Tombstone tourism

I never knew it was a thing: tombstone tourism. But apparently it is. Tombstone tourists (according to Wikipedia they’re also called taphophiles, cemetery enthusiasts, cemetery tourists, grave hunters or gravers) make it a habit to go to cemeteries.
Let’s be honest: it’s weird. Why would you want to occupy yourself with the dead while on holiday?

Gloomy beauty

But, however gloomy tombstone tourism might seem, the cemetery of the Montjuïc is amazing. Not only its size is impressive, also the statues and mausoleums are often beautiful. You can find works here from architects like Gaudí’s colleague Josep M. Jujol and Josep Puig i Cadafalch and sculptor Eusebi Arnau.

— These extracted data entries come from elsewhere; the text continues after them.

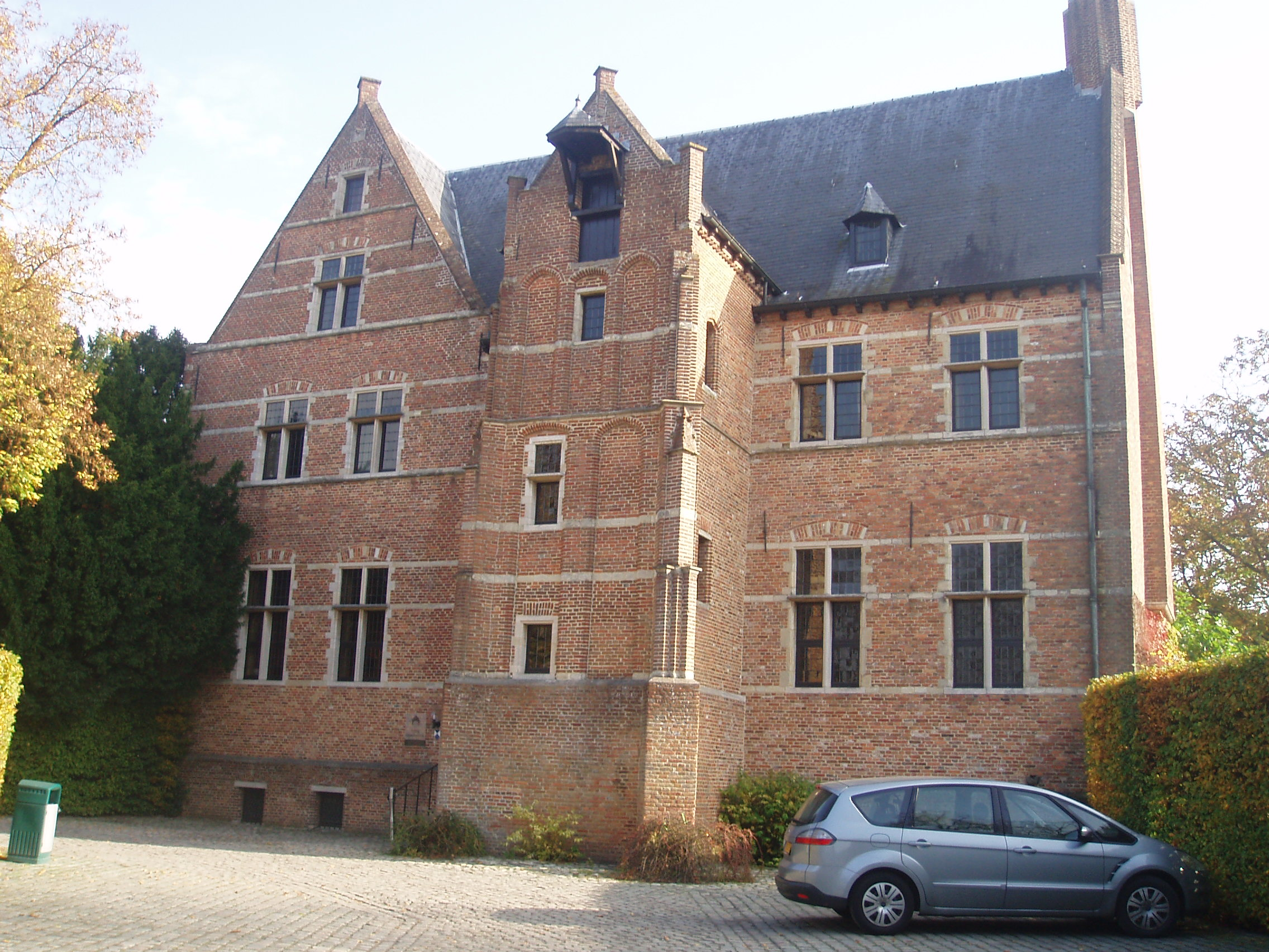 Priory of Oud-Turnhout
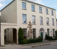 Kilbrogan House.
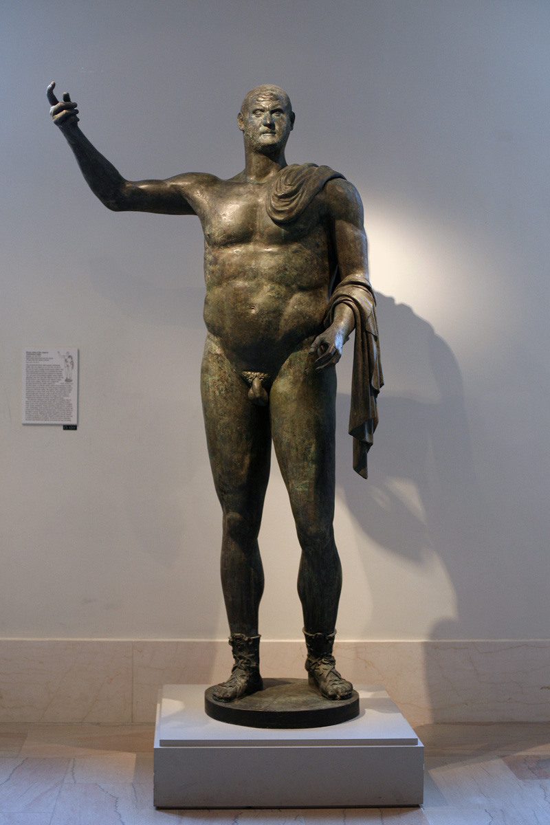 Metropolitan Museum of Art # 05.30 Photographer: Katie Chao
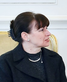 Ilham Aliyev received credentials of incoming Ambassador of Estonia
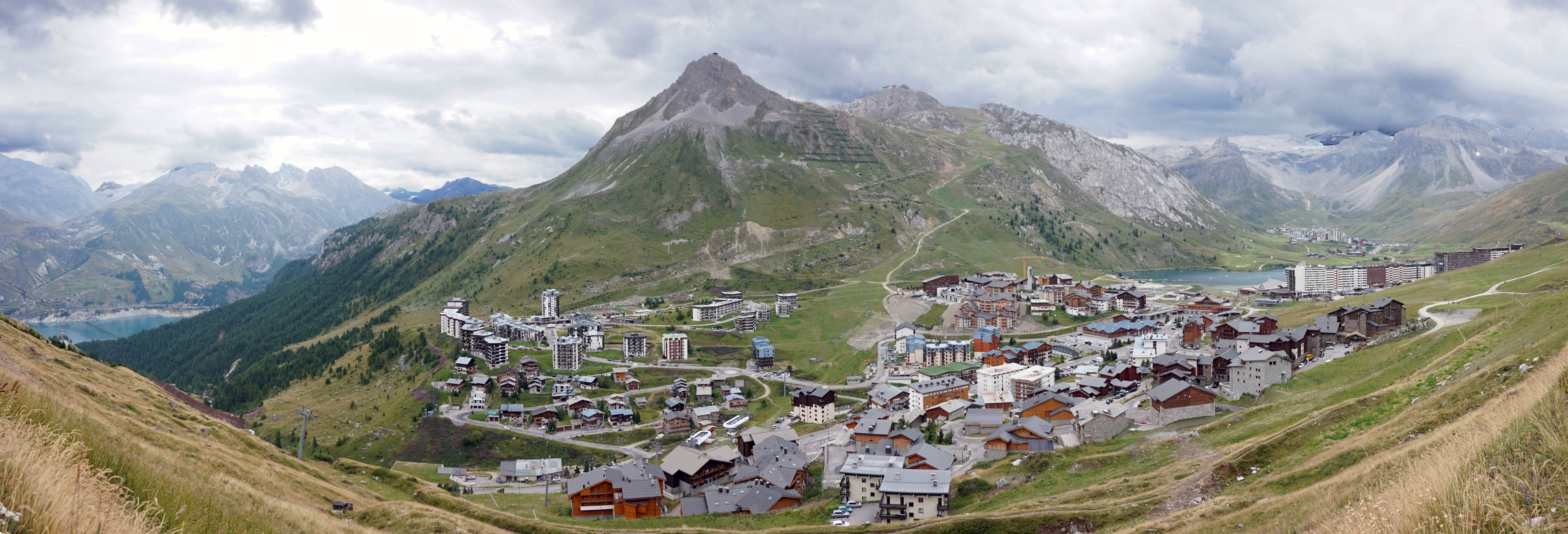 View to Tignes and Grande Motte. This photograph was taken with a Sony Alpha a5000.

More than 1,000,000 burials

The cemetery stretches out over a great part of the hill of Montjuïc, containing over one million burials. You can walk between high walls of 150,000 niches holding urns.
Even though it’s not a very popular destination for tourists, there are several routes alongside the most important mausoleums and sculptures.

Odd looks

If you go, know that it’s not very easy to get to the cemetery by public transport. Bus 21 from Av. Parallel stops near the entrance, but don’t be surprised if you get odd looks from the bus driver if you tell him/her where you want to get out. Tombstone tourism may be weird; in Barcelona it’s considered to be super weird.